Exercise directions:
Word for word, write the records out again, but omit each picture.

Data:

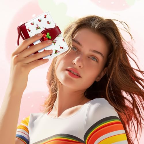 Cute Print Wallet Blueberry Strawberry Cherry Wallet with Credit Card Slot Zipper Coin Pocket for Women Girls (RED) 6
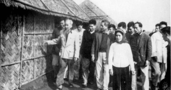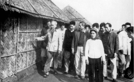 Chủ tịch Hồ Chí Minh thăm một xóm của bà con nông dân Hợp tác xã Nam Cường, mới thành lập do lấn biển khai hoang, ngày 26/3/1962. Ảnh tư liệu
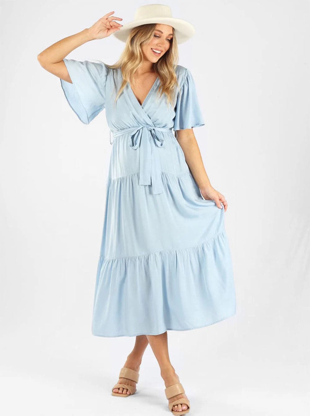 Our Cara Maternity Blue Maxi Dress with a waist tie that can be tied at the front or back. This elegant design is the perfect dress for your baby shower and all occasions.
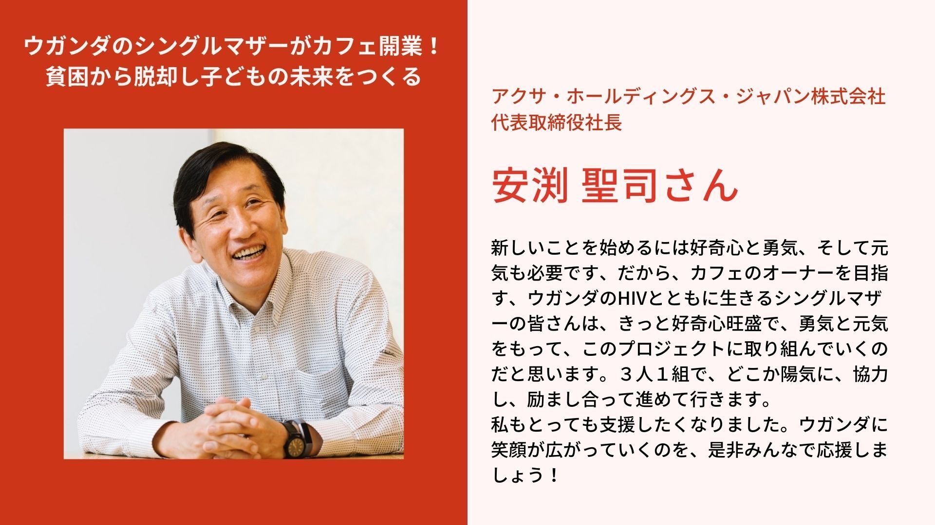 私もとっても支援したくなりました。ウガンダに笑顔が広がっていくのを、是非みんなで応援しましょう!
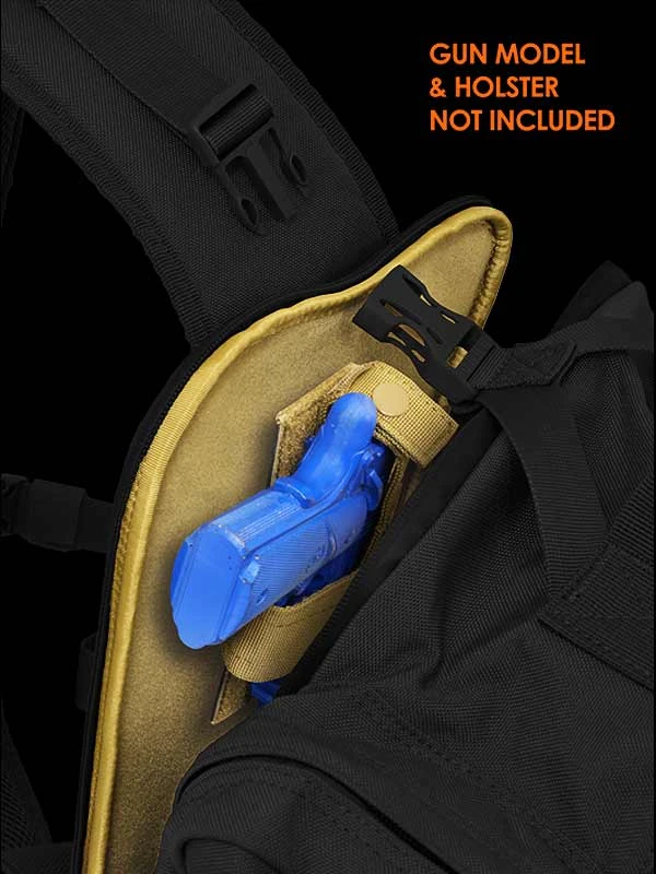 • middle front pocket has velcro field for mounting our popular universal pistol holster (Stickup)
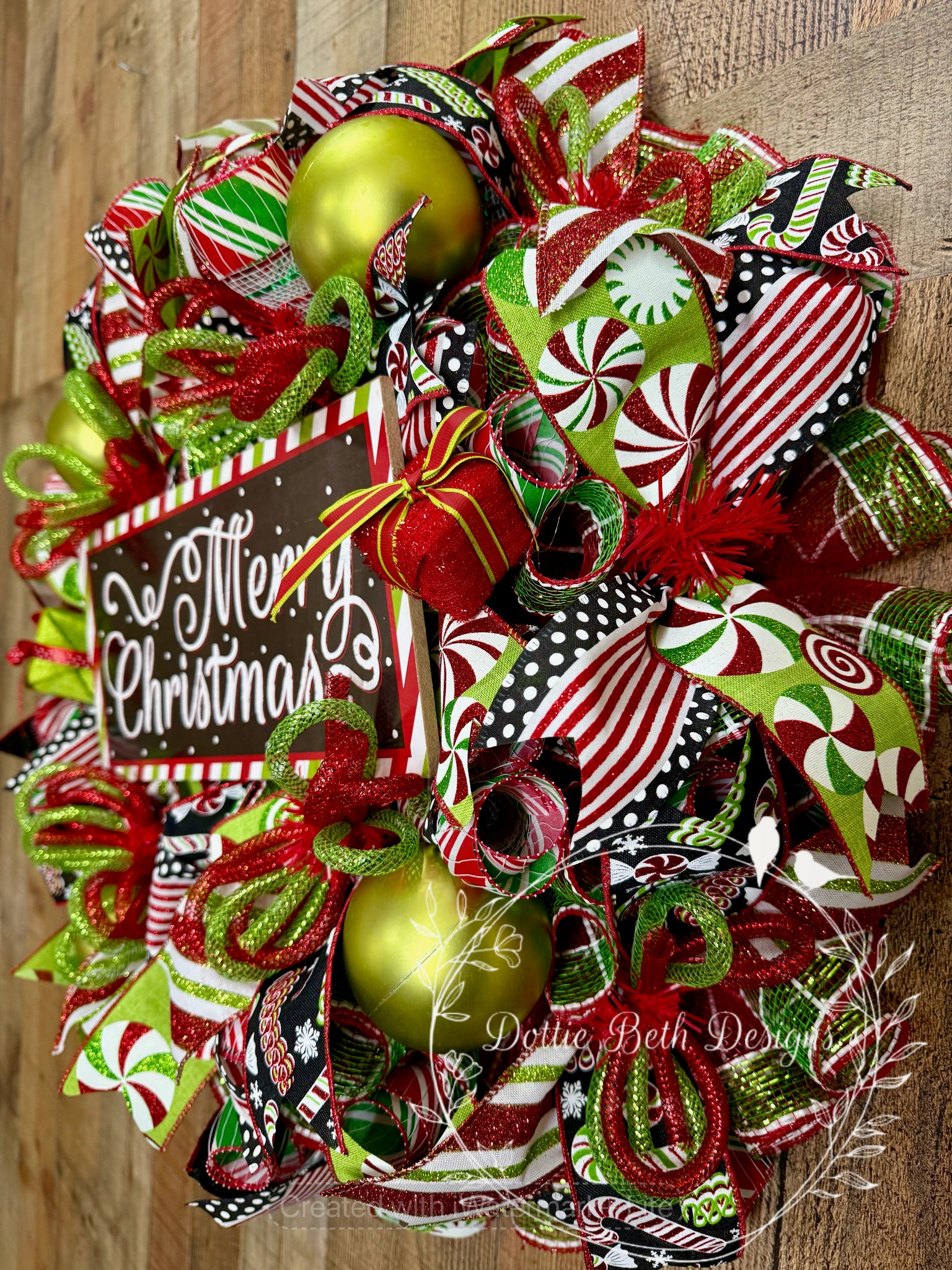 This bold and cheerful Christmas wreath bursts with candy-striped ribbons, sparkling ornaments, and a festive “Merry Christmas” sign that captures the joy of the season. The playful mix of red, green, black, and white patterns adds a modern twist to traditional holiday décor. Perfect for front doors, entryways, or mantels, this wreath spreads instant holiday cheer wherever it’s displayed. Approx. 25” in diameter.
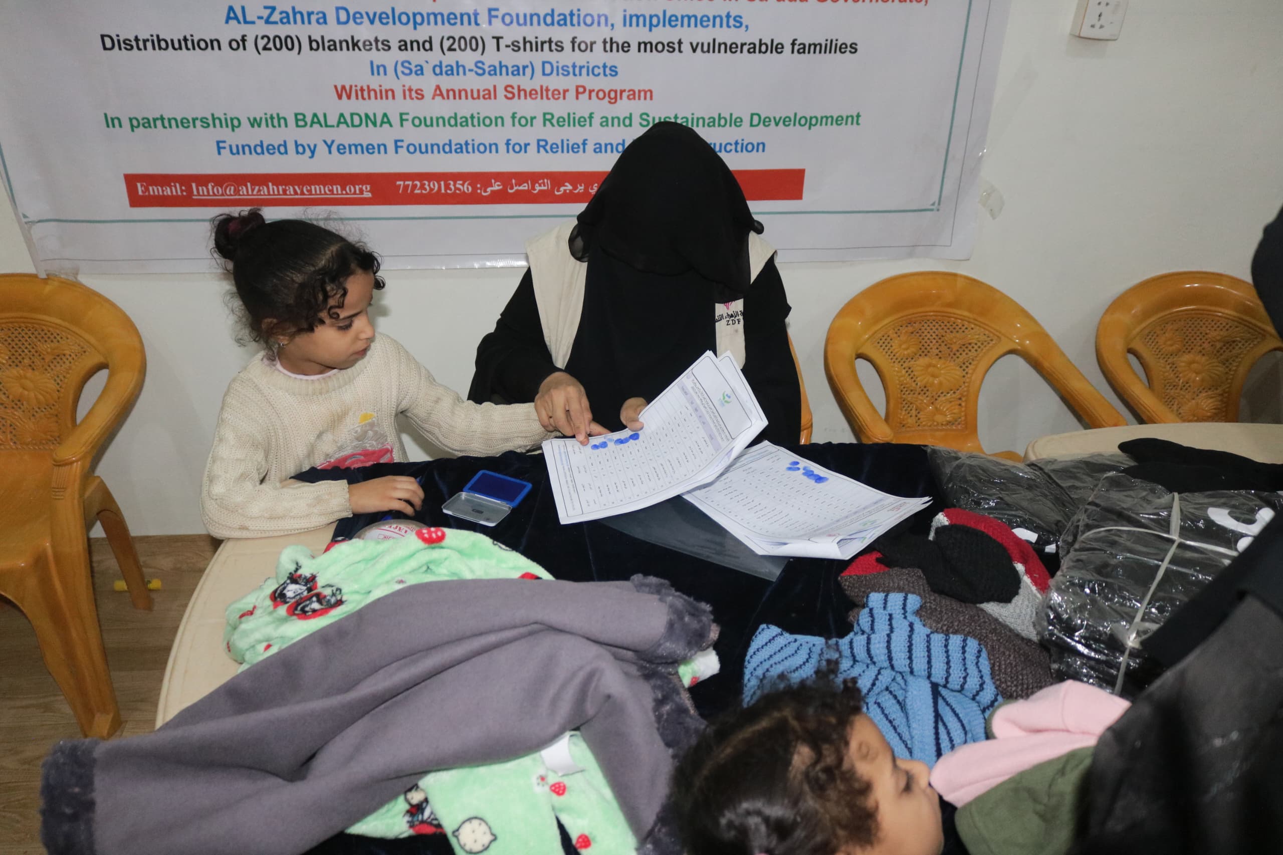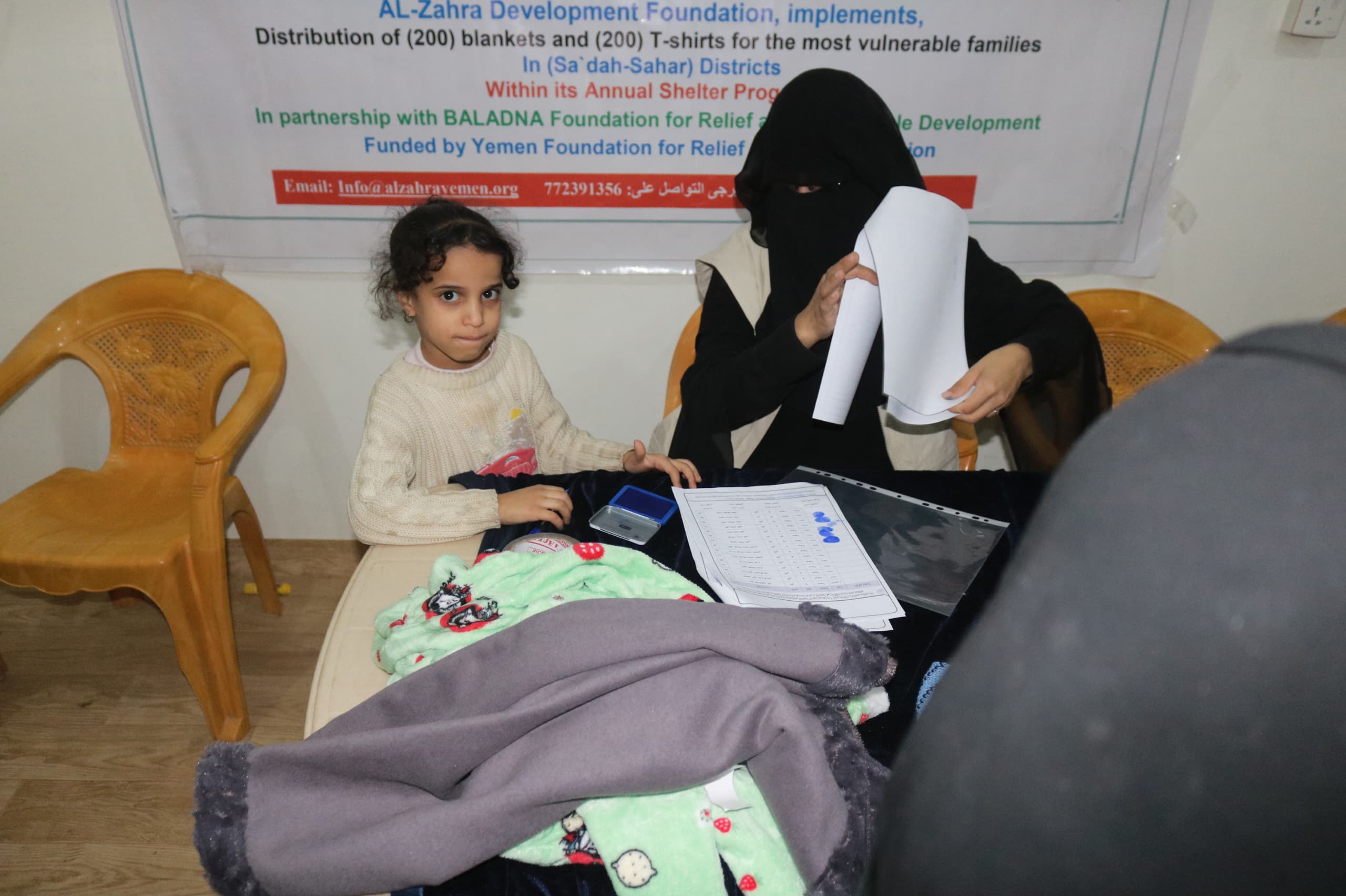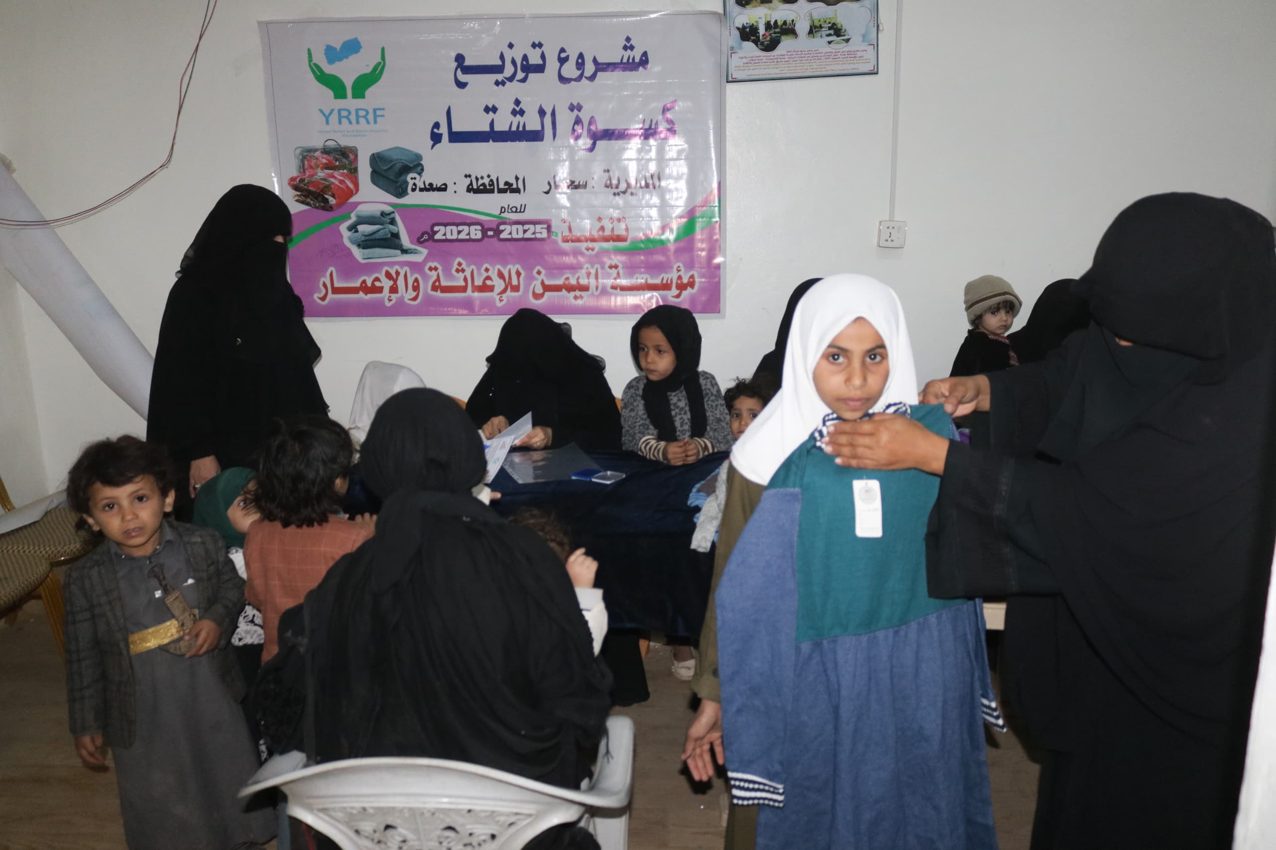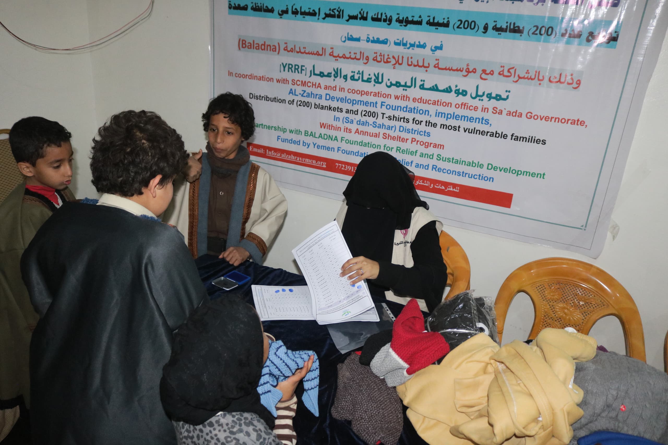 دشنت مؤسسة الزهراء التنموية مشروع توزيع الكسوة الشتوية في مديريتي (سحار – حيدان) بمحافظة صعدة والذي شمل توزيع (200) بطانية و(200) فنيله شتوية استهدفت الأطفال من الأسر الأشد احتياجاً وذلك بتمويل من مؤسسة اليمن للإغاثة والإعمار و بالشراكــة مع مؤسـســــة بــلــدنا لـلإغاثـة والــتــنــمـيـــة الـمستــدامـة
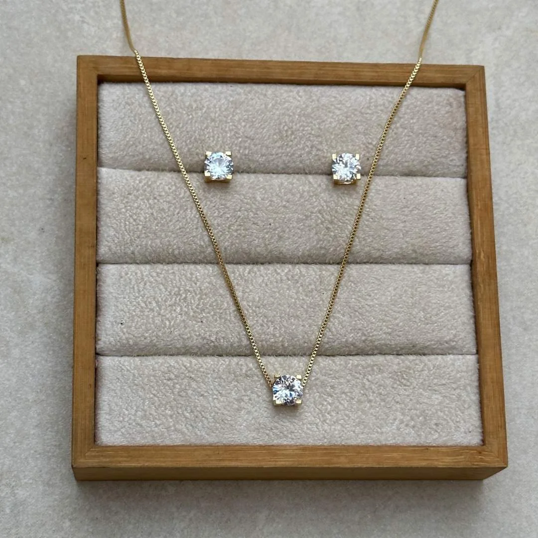 CONJUNTO PONTO DE LUZ ZIRCÔNIA 6mm CRAVAÇÃO DE JÓIA

Written solution:
 Cute Print Wallet Blueberry Strawberry Cherry Wallet with Credit Card Slot Zipper Coin Pocket for Women Girls (RED) 6
 Chủ tịch Hồ Chí Minh thăm một xóm của bà con nông dân Hợp tác xã Nam Cường, mới thành lập do lấn biển khai hoang, ngày 26/3/1962. Ảnh tư liệu
 Our Cara Maternity Blue Maxi Dress with a waist tie that can be tied at the front or back. This elegant design is the perfect dress for your baby shower and all occasions.
 私もとっても支援したくなりました。ウガンダに笑顔が広がっていくのを、是非みんなで応援しましょう!
 • middle front pocket has velcro field for mounting our popular universal pistol holster (Stickup)
 This bold and cheerful Christmas wreath bursts with candy-striped ribbons, sparkling ornaments, and a festive “Merry Christmas” sign that captures the joy of the season. The playful mix of red, green, black, and white patterns adds a modern twist to traditional holiday décor. Perfect for front doors, entryways, or mantels, this wreath spreads instant holiday cheer wherever it’s displayed. Approx. 25” in diameter.
 دشنت مؤسسة الزهراء التنموية مشروع توزيع الكسوة الشتوية في مديريتي (سحار – حيدان) بمحافظة صعدة والذي شمل توزيع (200) بطانية و(200) فنيله شتوية استهدفت الأطفال من الأسر الأشد احتياجاً وذلك بتمويل من مؤسسة اليمن للإغاثة والإعمار و بالشراكــة مع مؤسـســــة بــلــدنا لـلإغاثـة والــتــنــمـيـــة الـمستــدامـة
 CONJUNTO PONTO DE LUZ ZIRCÔNIA 6mm CRAVAÇÃO DE JÓIA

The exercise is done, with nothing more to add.